Sometimes I want to buy some acreage in Alaska north of Anchorage but still on the road system. It would need a well. I would have a tiny permanent building to live in during the winter if need be. I want compostable toilets and warm showers. In the summertime, I would put up a few yurts for my family and friends in the south to stay the summers to escape the escalating summer heat. I could have a nice size garden too. The soil in Alaska is wonderful for gardening.
I plan to take piano lessons at some point in the future. Perhaps when I’m working at a semi-retired pace.
I dream a lot. It feeds my soul. My father used to say, “You can have anything you want but not everything you want.”
Eli: Would you say your dreams define you more than your work?
Anne: I would say that my dreams override my work. But I do have dreams about working the perfect job. I found a note on my sister’s dresser that said, “The secret to happiness is not getting what you want but wanting what you have.” I still feel that I am honored to be able to offer comfort to those who are suffering. And most of the people I work around are inspiring and quite altruistic, despite some of the cynicism that is pervasive. But still, I’m living on dreams.
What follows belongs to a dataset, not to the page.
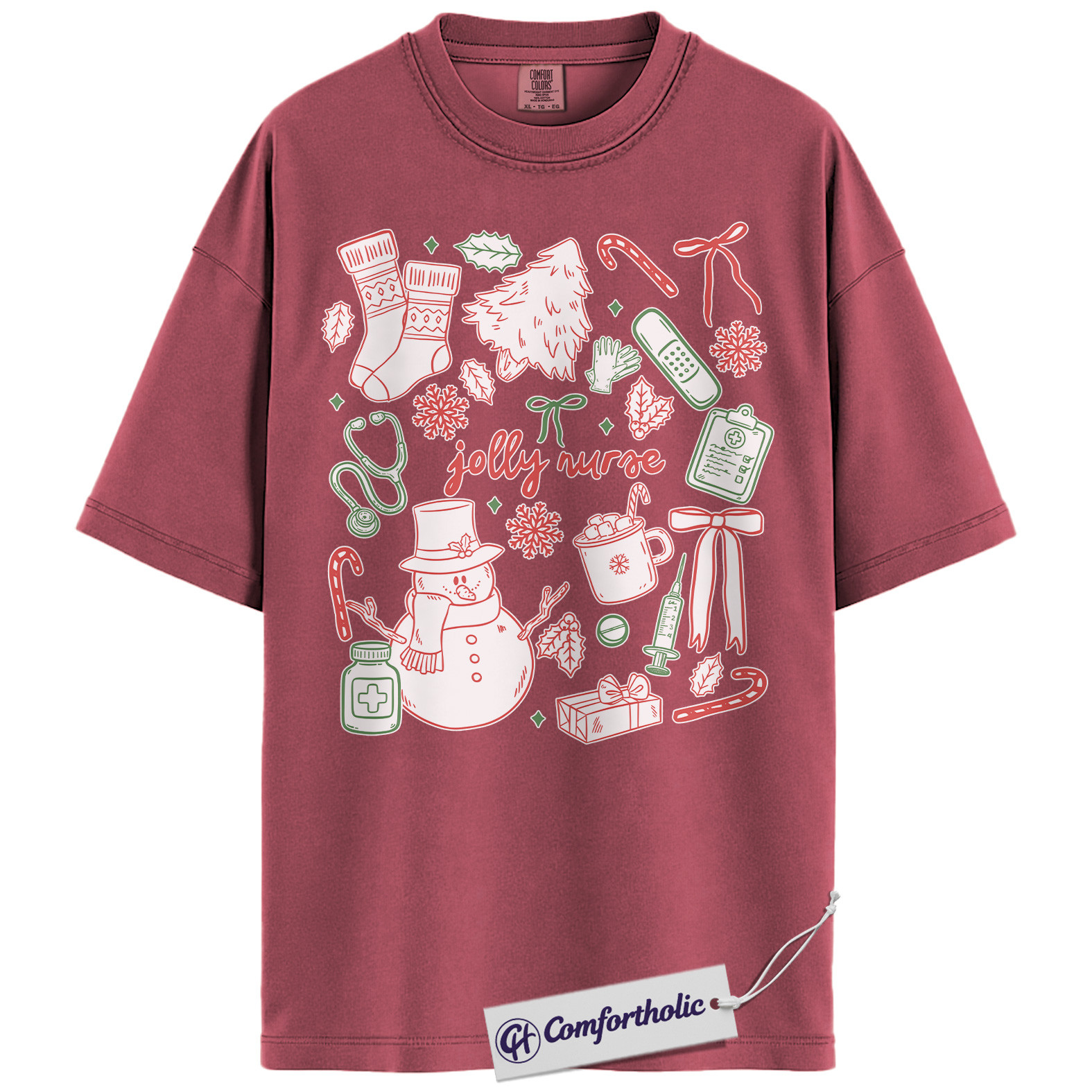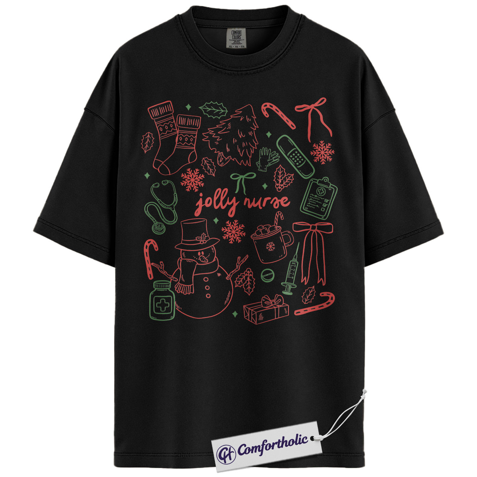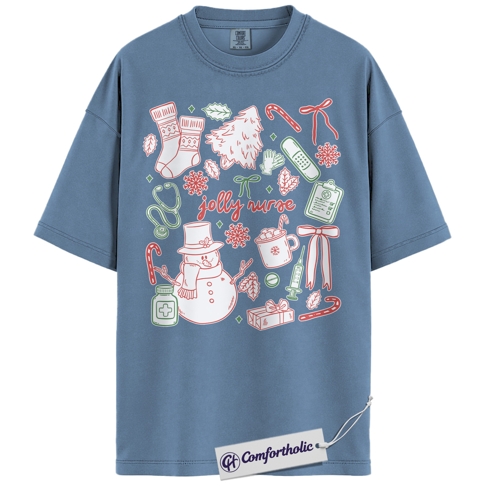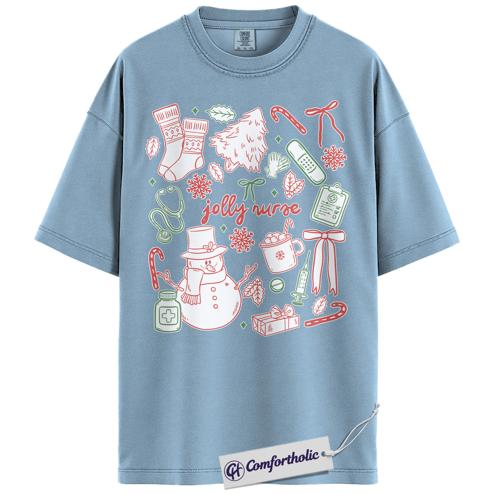 Jolly Nurse Christmas Shirt, Funny Medical Worker Holiday T-Shirt, Cute Snowman Healthcare Graphic Tee, Festive Gift for Nurses, Christmas Comfort Colors Shirt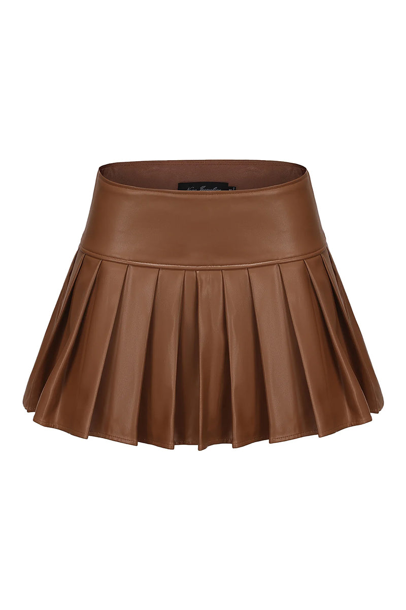 ارتقِ بخزانة ملابسك مع تنورة جينا المصنوعة من جلد صديق للبيئة لتمنحك ملمسًا ناعمًا ورقيقًا. توفر الثنيات المرنة انسيابية مريحة وغير رسمية دون أن تفقد شكلها، بينما يوفر السحاب ذو الفتحة الجانبية سهولة الارتداء. توفر السراويل الضيقة الداخلية تغطية آمنة منخفضة الارتفاع، مما يضمن لك الثقة طوال اليوم. بفضل خصرها الأنيق وأسلوب الحرم الجامعي الأمريكي الكلاسيكي، تعد هذه التنورة ضرورية لتصفيف متعدد الاستخدامات ورائع دون عناء.

Eli: Tell me about the people you work with, in a general sense.
Anne: I work in the Central Nursing Office at the Native Hospital in Anchorage. We are all nurses or nurses aides and work as a team usually. Most of us try to emotionally support each other. We are currently suffering from a collective tragedy. Management has decreed that our department is too expensive and we are all being transferred somewhere else. Needless to say many of us are quite morose. We provide support to the nurses on patient care units. Now we will not be able to do that. Ultimately patient care will suffer.
My immediate boss said, “It’s like finding out your parents are getting divorced when you didn’t even know they were fighting.” We’ve been having group hugs and group weeping sessions and some of us are hopeful about what the future will bring. I’ve worked in other places that were not able to emotionally support each other the way we have here. I will sorely miss coming to work in this department. I work with wonderful nurses and will remain friends with most of them.
Eli: I’m so sorry to hear that, Anne! In your career, how have you bounced back from changes similar to this?
Anne: Fortunately I’ve been through these scenarios before. I have to remember that ” this too shall pass” and I cannot take it personally. And I live a blessed life. Whatever happens to me, results in positive and wonderful improvements in my life.
Eli: What advice would you give young women just starting out, about where life can take you?
Anne: Be very careful about anything you post on social media. Expect to adjust the expectations of your career to the reality of the job you are hired to perform. Seek out, positive role models. Try to stay in your first job for at least one year but preferably for three years. Do not compromise your moral values. If you are expected to do something that you know is illegal or immoral you need to resign from that position. Do not burn bridges when resigning from a job.
Do your very best to act courteously and respectfully to everyone around you. Be kind to people whenever possible, especially the “invisible people” such as housekeepers, janitors, cooks, waitresses, etc. Start every day with pleasant thoughts about yourself and the world you live in. Life is Good.